Ok nachdem lösen der Schraube darüber hab ich den "Träger" rausziehen können ist allerdings kein Anschluss im Schacht also müsste man wahrscheinlich mal bei Acer anfragen ob die sowas einzeln verkaufen wobei ich mir das fast nicht vorstellen kann. Gibts sonst noch ne andere Bezugsmöglichkeit für solche Kabel / Einbaurahmen?


----------



## keinnick (10. Februar 2018)

Selbst wenn, müsstest Du dafür sicher das halbe Notebook auseinander nehmen, wodurch die Garantie flöten geht. Ich würde wie im Post über Dir auch ein externes LW vorschlagen.


----------



## Zocker_Boy (10. Februar 2018)

azzih schrieb:


> leichteste wäre einfach ein externes DVD Laufwerk, was man mit USB verbindet. Von Asus gibts da welche für 25€. Auch soll er mal überlegen ob und wann er überhaupt ein DVD Laufwerk braucht, im Grunde ist das Medium am PC tot da gibts USB Sticks und Clouds die man heute für Datenaustausch nutzt.



Wenn man regelmäßig Zeitschriften wie PCGH liest, wo eine DVD als Beigabe enthalten ist, nützt so eine Cloud wenig. Und auch 1080p-Filme auf Bluray haben durchaus ihre Fans. 
Was die Sicherung von Daten betrifft, die sind auf einer DVD-RAM immer noch am sichersten (langlebigsten) aufgehoben. USB-Sticks hatte ich schon etliche, die von jetzt auf nachher herumgesponnen haben und nicht mehr richtig lesbar waren.

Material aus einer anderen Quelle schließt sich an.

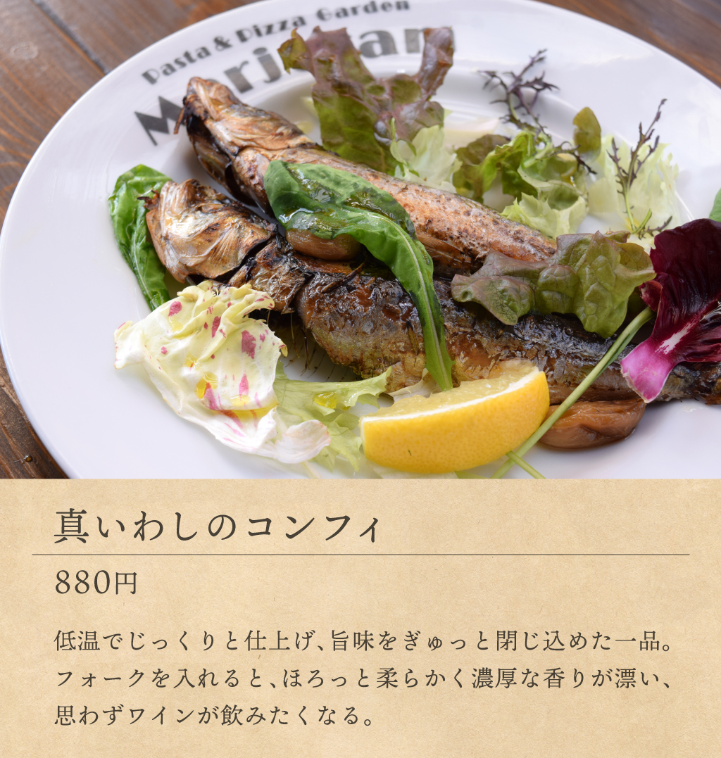 旬の食材を味わえるパスタランチコース。大人気の秘密は丸一日煮込んだ秘伝の自家製ガーリックオイル。

Eine Cloud ist schön und gut, aber nichts für sensible oder dauerhafte Daten, da man hier von einem externen Anbieter abhängig ist. Niemand weiß heute, ob es Dropbox o. ä. in zehn Jahren noch gibt. Und wer da letztlich alles meine hochgeladenen Daten anschauen kann, weiß auch niemand so genau. Eine Cloud als Speicherort ist für allgemeinen Studenten-Krimskrams ok, aber nichts für die Aktfotos von der besten Freundin


----------